§ **Prompt**
Starting at the first line of the entries, extract each line up to and including the one that contains "Appropriate for Newborn", but leave out the pictures.

§ **Data shown**
────

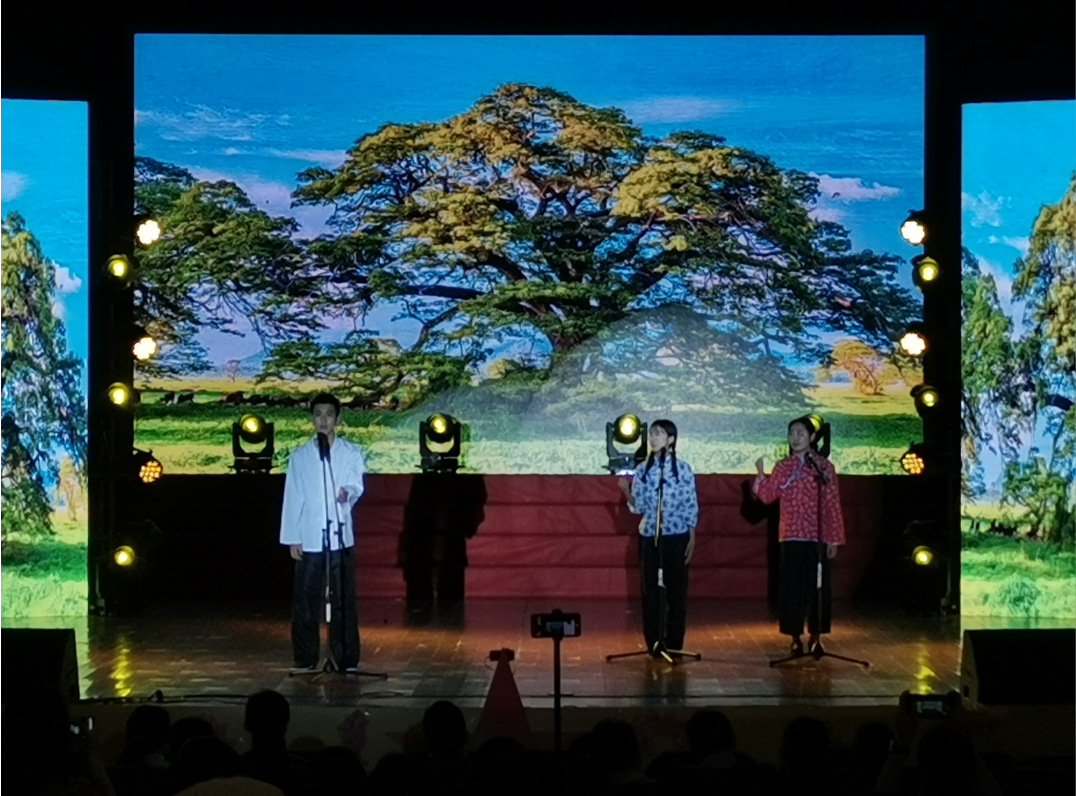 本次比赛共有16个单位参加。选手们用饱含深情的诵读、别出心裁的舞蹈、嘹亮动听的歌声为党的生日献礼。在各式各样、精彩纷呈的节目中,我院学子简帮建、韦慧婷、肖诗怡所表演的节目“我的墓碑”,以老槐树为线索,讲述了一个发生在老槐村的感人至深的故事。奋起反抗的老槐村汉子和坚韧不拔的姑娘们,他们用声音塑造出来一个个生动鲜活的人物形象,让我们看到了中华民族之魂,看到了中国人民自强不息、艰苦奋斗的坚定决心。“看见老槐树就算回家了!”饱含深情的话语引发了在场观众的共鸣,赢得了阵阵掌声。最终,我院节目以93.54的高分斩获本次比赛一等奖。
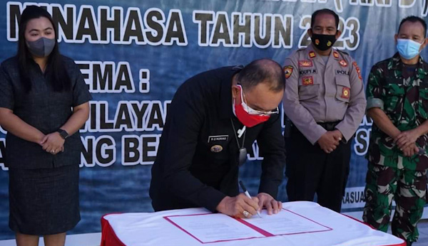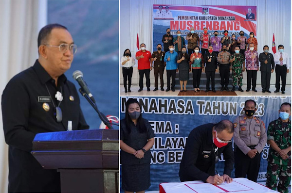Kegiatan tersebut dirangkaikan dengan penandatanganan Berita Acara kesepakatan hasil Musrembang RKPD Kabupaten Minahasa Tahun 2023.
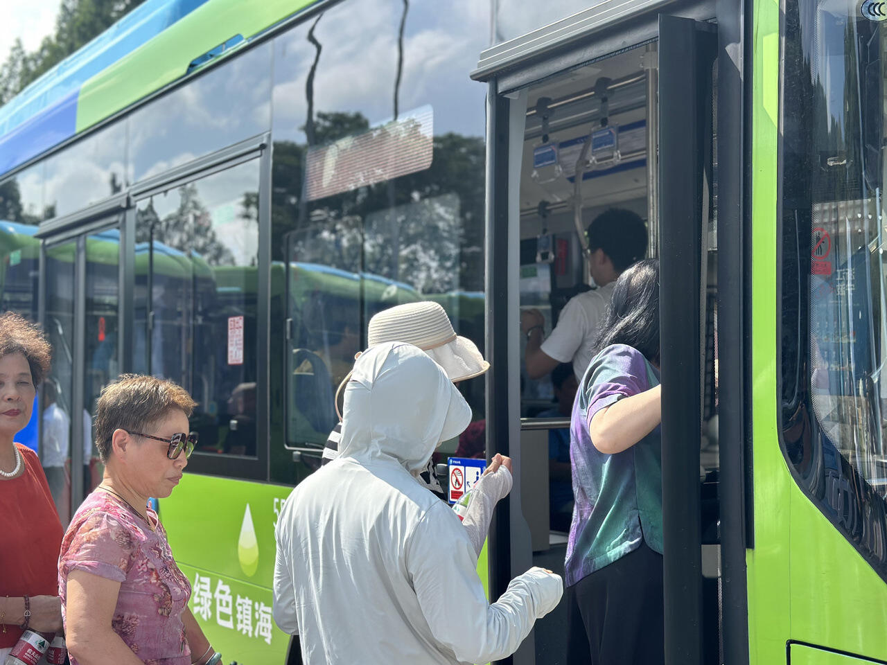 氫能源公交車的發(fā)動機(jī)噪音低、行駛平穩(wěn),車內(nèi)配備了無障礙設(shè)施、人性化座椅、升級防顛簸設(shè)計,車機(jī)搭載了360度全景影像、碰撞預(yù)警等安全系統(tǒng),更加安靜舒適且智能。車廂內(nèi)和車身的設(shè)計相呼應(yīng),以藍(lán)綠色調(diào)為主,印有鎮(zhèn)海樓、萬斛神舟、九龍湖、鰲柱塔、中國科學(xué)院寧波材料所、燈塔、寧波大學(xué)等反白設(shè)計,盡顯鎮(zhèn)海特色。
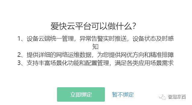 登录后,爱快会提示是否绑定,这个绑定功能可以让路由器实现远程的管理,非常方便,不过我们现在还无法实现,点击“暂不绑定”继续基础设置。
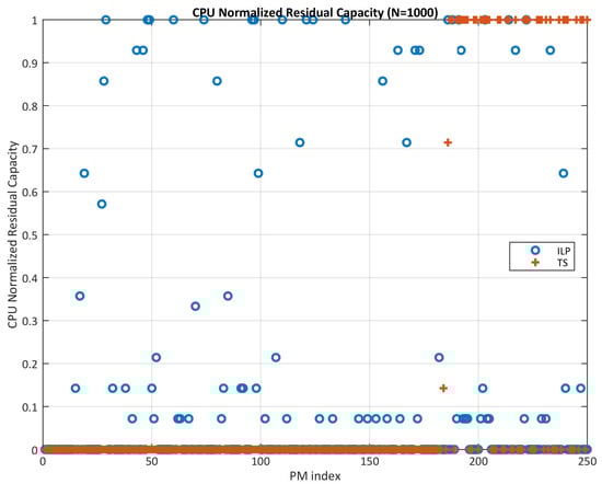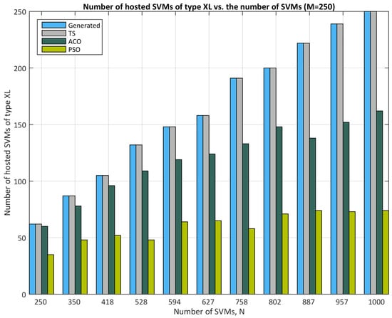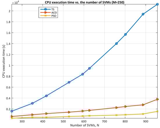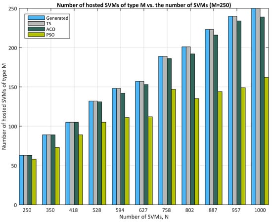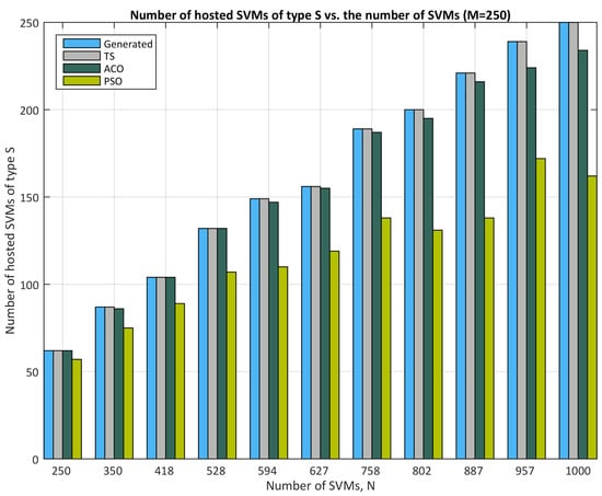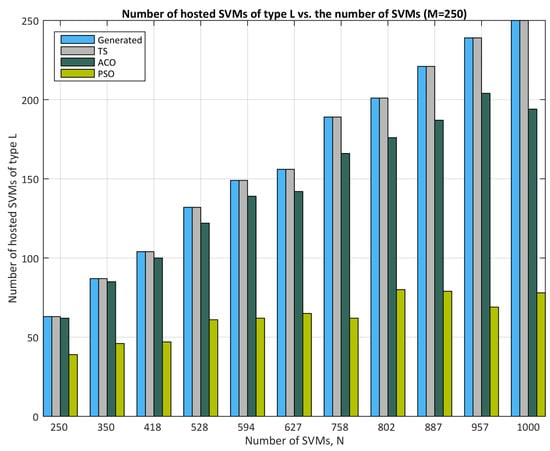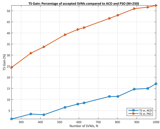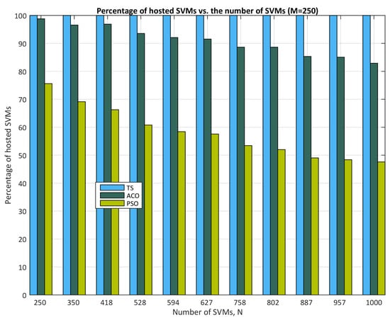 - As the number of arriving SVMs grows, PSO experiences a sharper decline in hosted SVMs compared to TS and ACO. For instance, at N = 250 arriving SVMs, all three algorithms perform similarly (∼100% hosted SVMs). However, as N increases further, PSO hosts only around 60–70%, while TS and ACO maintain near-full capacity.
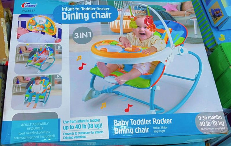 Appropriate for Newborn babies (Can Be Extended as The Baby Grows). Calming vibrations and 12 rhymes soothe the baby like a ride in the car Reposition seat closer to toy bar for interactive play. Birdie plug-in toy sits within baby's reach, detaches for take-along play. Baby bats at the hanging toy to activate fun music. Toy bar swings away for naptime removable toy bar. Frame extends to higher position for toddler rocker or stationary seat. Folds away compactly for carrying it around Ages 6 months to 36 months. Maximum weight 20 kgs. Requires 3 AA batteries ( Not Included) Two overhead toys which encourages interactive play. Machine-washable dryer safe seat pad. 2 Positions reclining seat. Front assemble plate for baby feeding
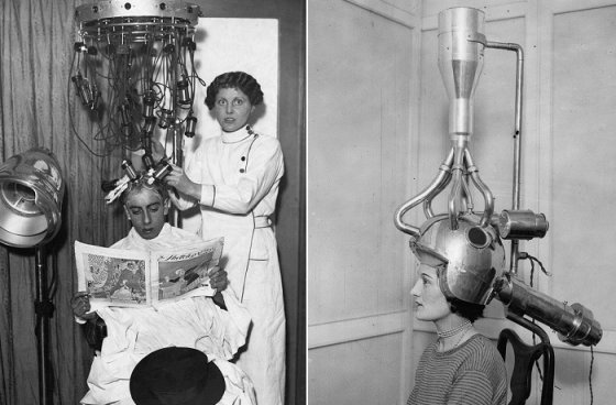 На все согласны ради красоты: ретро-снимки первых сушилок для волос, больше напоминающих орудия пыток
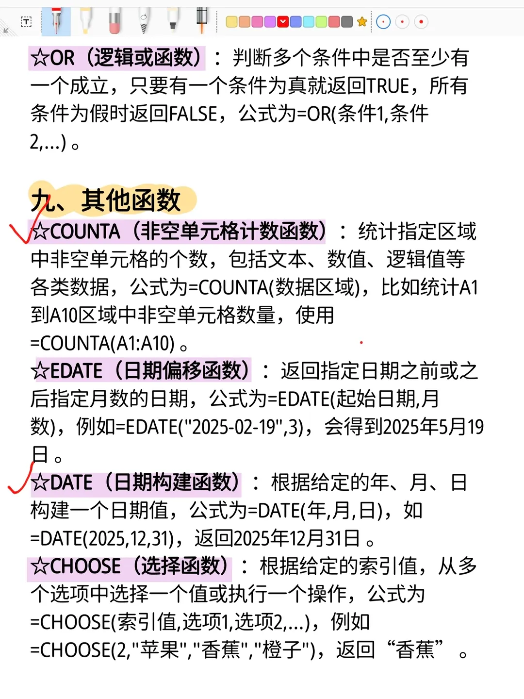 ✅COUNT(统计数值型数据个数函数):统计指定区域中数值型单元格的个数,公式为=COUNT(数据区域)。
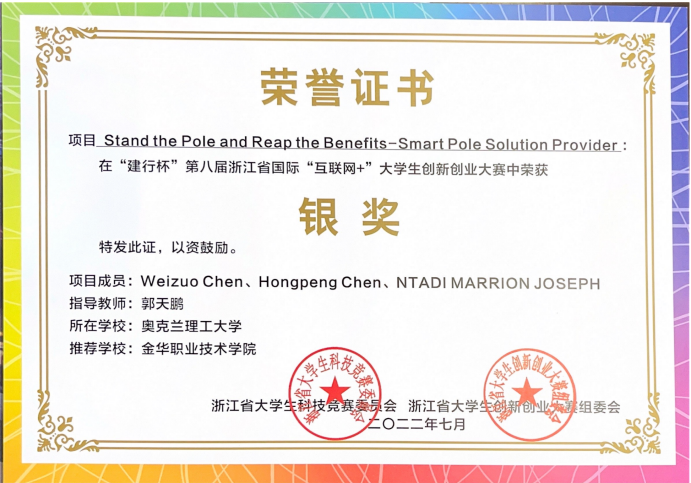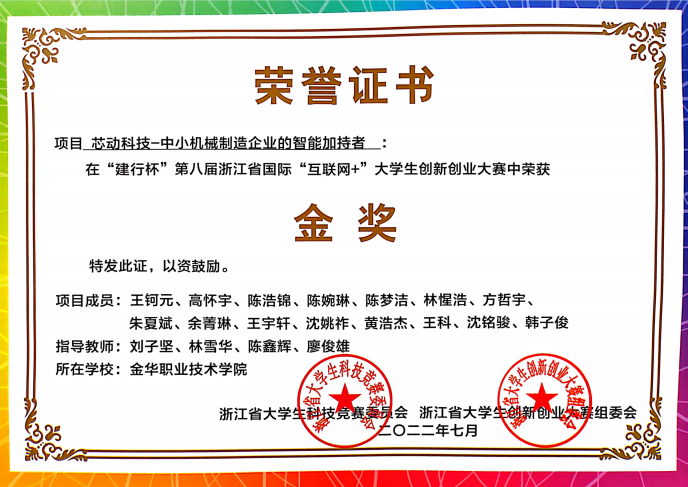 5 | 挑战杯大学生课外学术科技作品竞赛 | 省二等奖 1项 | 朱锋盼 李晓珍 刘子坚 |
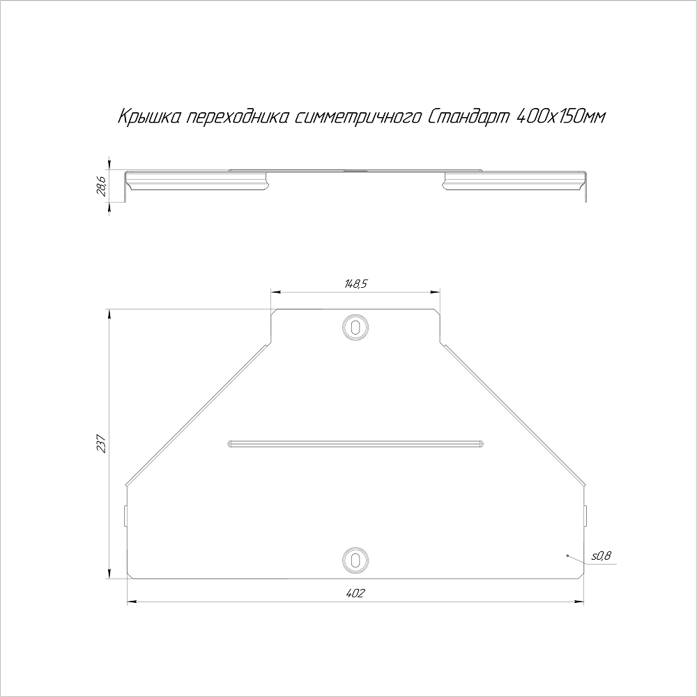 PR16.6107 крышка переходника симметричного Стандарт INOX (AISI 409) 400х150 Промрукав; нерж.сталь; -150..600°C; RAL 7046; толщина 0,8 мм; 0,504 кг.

────

§ **Exercise solution**
 本次比赛共有16个单位参加。选手们用饱含深情的诵读、别出心裁的舞蹈、嘹亮动听的歌声为党的生日献礼。在各式各样、精彩纷呈的节目中,我院学子简帮建、韦慧婷、肖诗怡所表演的节目“我的墓碑”,以老槐树为线索,讲述了一个发生在老槐村的感人至深的故事。奋起反抗的老槐村汉子和坚韧不拔的姑娘们,他们用声音塑造出来一个个生动鲜活的人物形象,让我们看到了中华民族之魂,看到了中国人民自强不息、艰苦奋斗的坚定决心。“看见老槐树就算回家了!”饱含深情的话语引发了在场观众的共鸣,赢得了阵阵掌声。最终,我院节目以93.54的高分斩获本次比赛一等奖。
Kegiatan tersebut dirangkaikan dengan penandatanganan Berita Acara kesepakatan hasil Musrembang RKPD Kabupaten Minahasa Tahun 2023.
 氫能源公交車的發(fā)動機(jī)噪音低、行駛平穩(wěn),車內(nèi)配備了無障礙設(shè)施、人性化座椅、升級防顛簸設(shè)計,車機(jī)搭載了360度全景影像、碰撞預(yù)警等安全系統(tǒng),更加安靜舒適且智能。車廂內(nèi)和車身的設(shè)計相呼應(yīng),以藍(lán)綠色調(diào)為主,印有鎮(zhèn)海樓、萬斛神舟、九龍湖、鰲柱塔、中國科學(xué)院寧波材料所、燈塔、寧波大學(xué)等反白設(shè)計,盡顯鎮(zhèn)海特色。
 登录后,爱快会提示是否绑定,这个绑定功能可以让路由器实现远程的管理,非常方便,不过我们现在还无法实现,点击“暂不绑定”继续基础设置。
 - As the number of arriving SVMs grows, PSO experiences a sharper decline in hosted SVMs compared to TS and ACO. For instance, at N = 250 arriving SVMs, all three algorithms perform similarly (∼100% hosted SVMs). However, as N increases further, PSO hosts only around 60–70%, while TS and ACO maintain near-full capacity.
 Appropriate for Newborn babies (Can Be Extended as The Baby Grows). Calming vibrations and 12 rhymes soothe the baby like a ride in the car Reposition seat closer to toy bar for interactive play. Birdie plug-in toy sits within baby's reach, detaches for take-along play. Baby bats at the hanging toy to activate fun music. Toy bar swings away for naptime removable toy bar. Frame extends to higher position for toddler rocker or stationary seat. Folds away compactly for carrying it around Ages 6 months to 36 months. Maximum weight 20 kgs. Requires 3 AA batteries ( Not Included) Two overhead toys which encourages interactive play. Machine-washable dryer safe seat pad. 2 Positions reclining seat. Front assemble plate for baby feeding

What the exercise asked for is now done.